Fatayer jenbeh or cheese pies are popular arabic pastries. You find them in bakeries, school cafeterias, cafe and pastry shops.They make a great start of the day or a wonderful companion for the afternoon tea.These arabic cheese pastries are great portable snacks or impressive pastry appetizers if you make them small enough.

Fatayer el jebneh are typically boat-shaped but you can shape the dough any way you are comfortable with, I sometimes shape them the same way as the lebanese meat pies and other times I make them into triangles or circles, they are tasty in any shape so have fun with it. The cheese used for the stuffing is usually akkawi cheese mixed with a little kashkaval or cheddar cheese  but you can use any salty cheese you like.You can add a variety of flavorings too cilantro, Nigella seeds or dried mint add another dimension of flavor but if you are a fan of plain cheese flavor feel free to use a plain cheese stuffing.

To make the perfect arabic cheese pastry you need a combination of a dough that will hold its shape after baking, good quality cheese and the flavoring you like.Today I am sharing my go to recipe for making these cheese pastries along with a step by step “how to” shape them.

To make the dough

3 cups flour

1/4 cup vegetable  oil

1/4 cup yogurt

1 teaspoon baking powder (see notes)

1 tablespoon yeast

1 teaspoon sugar

1/2 cup warm water (the water should be slightly warm to the touch not hot)

For the stuffing

equal amounts of grated akkawi cheese, kashkaval, sharp cheddar (about 100 g of each)

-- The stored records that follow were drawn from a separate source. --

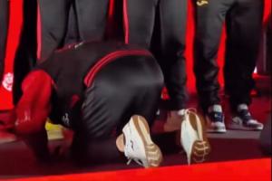 北京时间2025年11月10日讯 今日重庆铜梁龙进行了冲超庆典,在晚会上,赛季中途接手球队的主帅张外龙感谢了球员们的努力,并向队员们行大礼致谢。
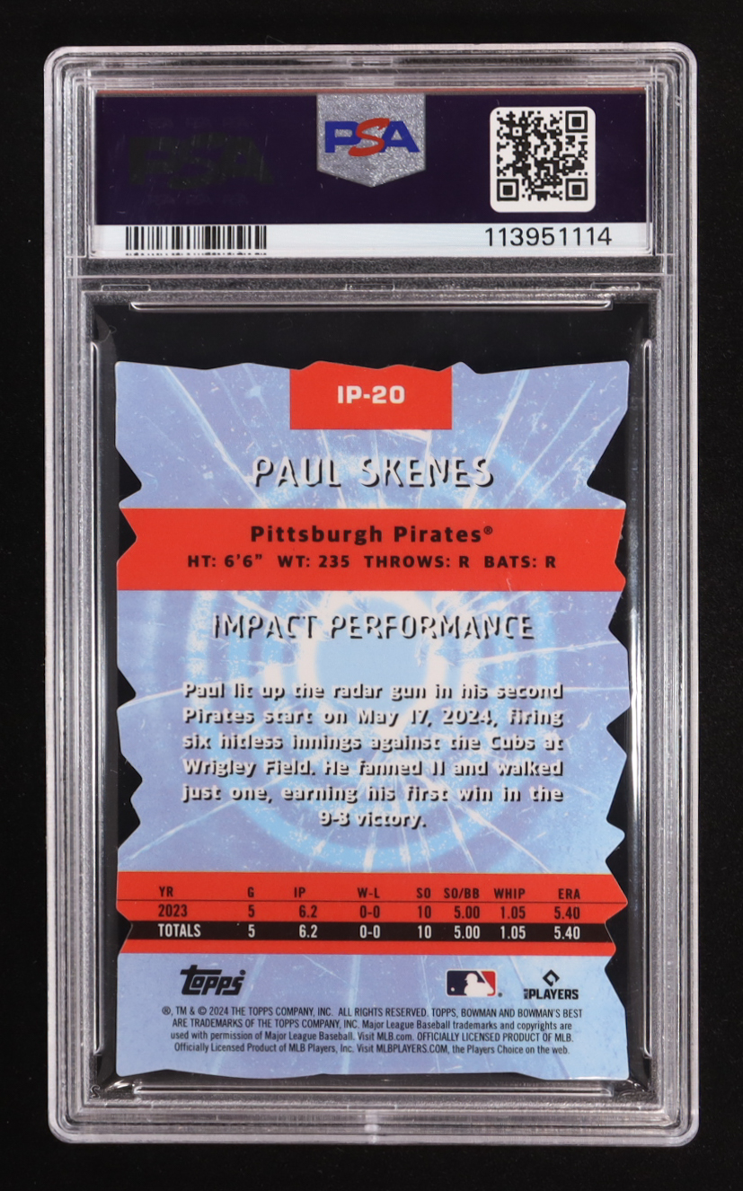 Paul Skenes 2024 Bowman's Best Impact Players Lava #IP20 #17/50 RC (PSA 10)
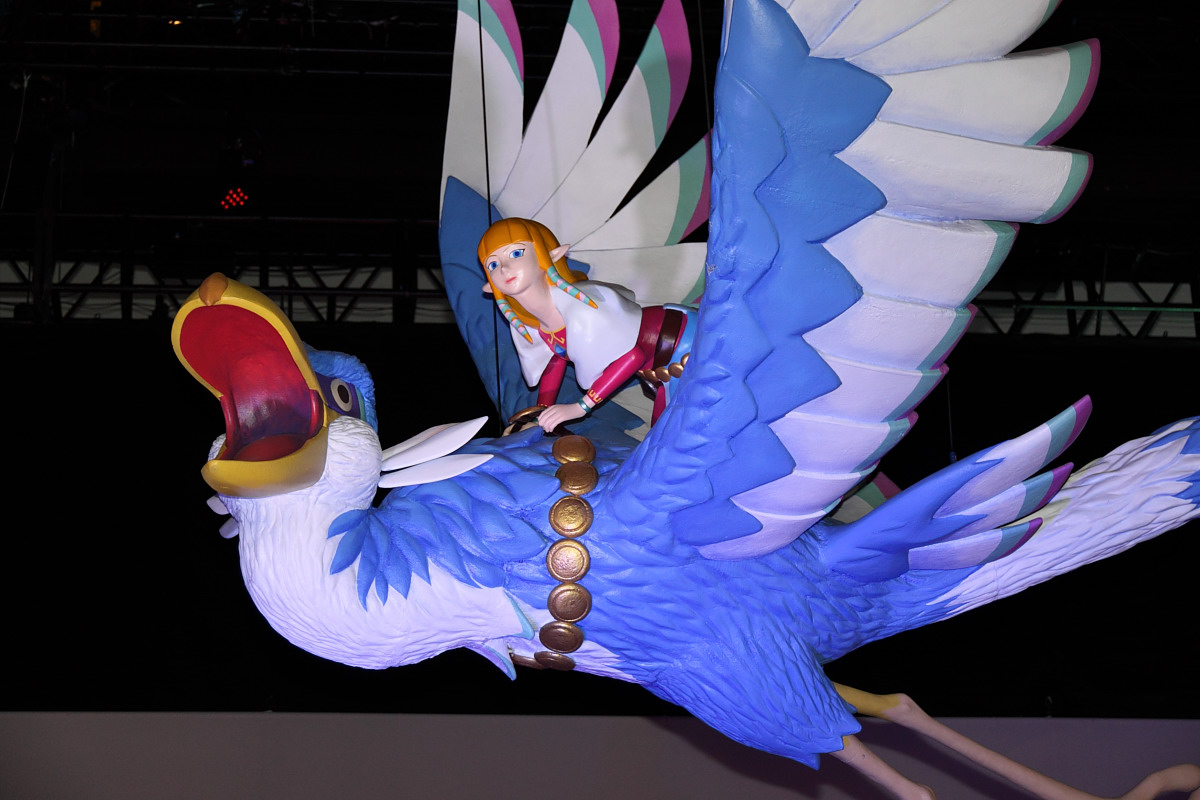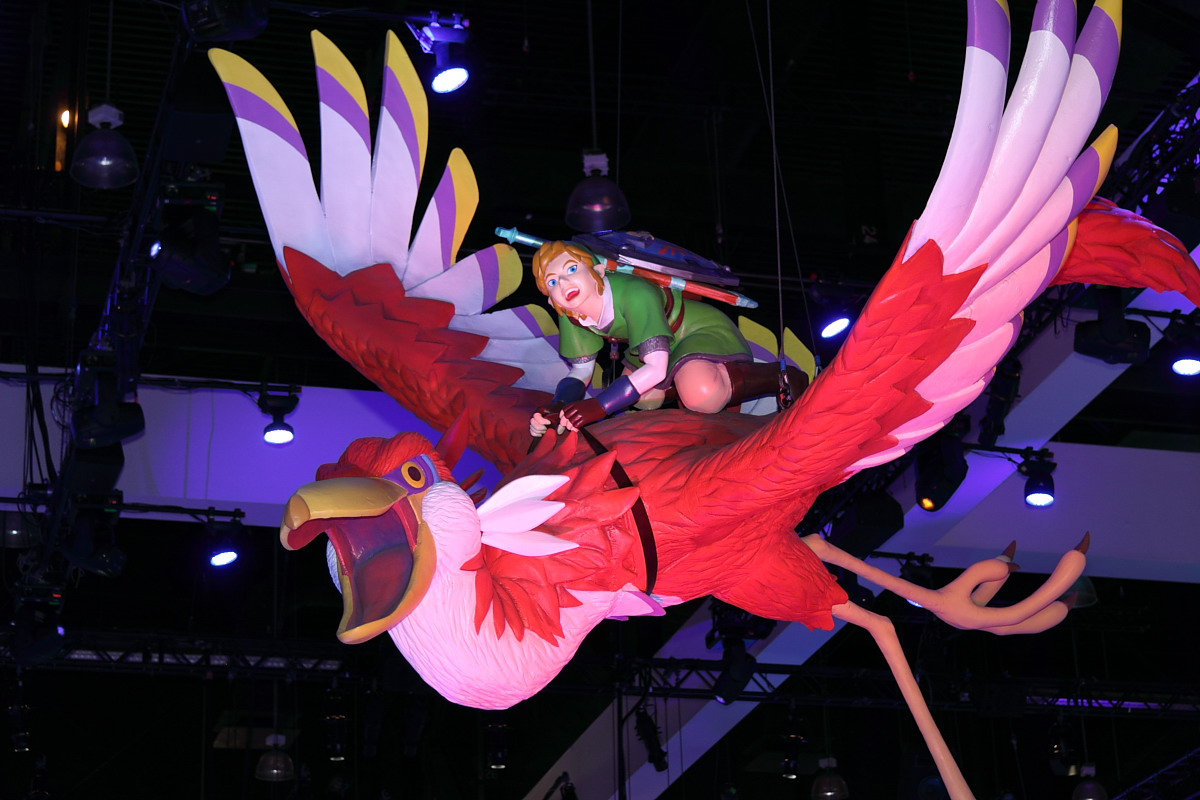 薩爾達傳說:天空之劍》,不過完成度比起去年高出許多,也已經確定會在今年耶誕節檔期正式推出。現場特別準備 6 台試玩機台供參觀者試玩,攤位上空還懸掛有林克與女主角騎乘大鳥的雕像。

1 table spoon nigella seeds (optional)

2-3 tablespoons chopped cilantro

Instructions

Proof the yeast by mixing it with the sugar and water in a cup, the yeast should foam and bubble if it doesn’t then it has gone bad and you need to replace it with new package.

In a bowl whisk together the flour and baking powder  till combined

Add the oil and then rub it into the flour mix with your fingertips

Add the yogurt and the water  yeast mixture and knead the dough untill it forms a smooth soft ball that doesn’t stick to your hands (a tip from a bakery owner I know, pick up the dough and slam it into the table 7-10 times during kneading. That will give your baked goods that fluffy  interior)

Cover a bowl with a little olive oil,place your dough it and cover the bowl with a clean towel or plastic wrap and leave it in a warm place untill it doubles in size (If you are short on time, heat your oven to 200 C and place the rack in the middle. Turn it off. Place a clean towel on the rack and place the bowl with your covered dough on the towel and leave it in the closed oven. It will double in size in 10-15 minutes)

Cut the dough into egg sized balls and cover them with a clean towel and allow them to rest for 10 minutes.

Roll each dough ball into an elongated oval shape

Fold one edge of the dough over and press it with your finger tips to seal it

Fold over the opposite side and tuck the dough under the pastry boat

Do the same with the opposite side.

Once you’re done shaping the pastry gently press the top folds to adhere the dough to the cheese..this helps to prevent the pastry boats from opening up when you bake them

I usually brush them with some milk but you can egg wash them or brush them with some olive oil to give them a beautiful golden color when they bake

Allow them to rest for 10-15 minutes after shaping before baking them

Bake on the middle rack in an oven that you have preheated to 200 C until the bottom is golden brown then place under the broiler until the tops are golden brown.

Notes:

If you are going to consume the fatayer soon after baking , keep the baking powder (It increases the fluffiness of the dough and allows it to rise better in the oven). If you plan on storing them or eating them over a couple of days omit the baking powder because the  fatayer remain softer and more chewy when they are cooled and stored without the baking powder.(baking powder results in the baked goods hardening a little when they are cold)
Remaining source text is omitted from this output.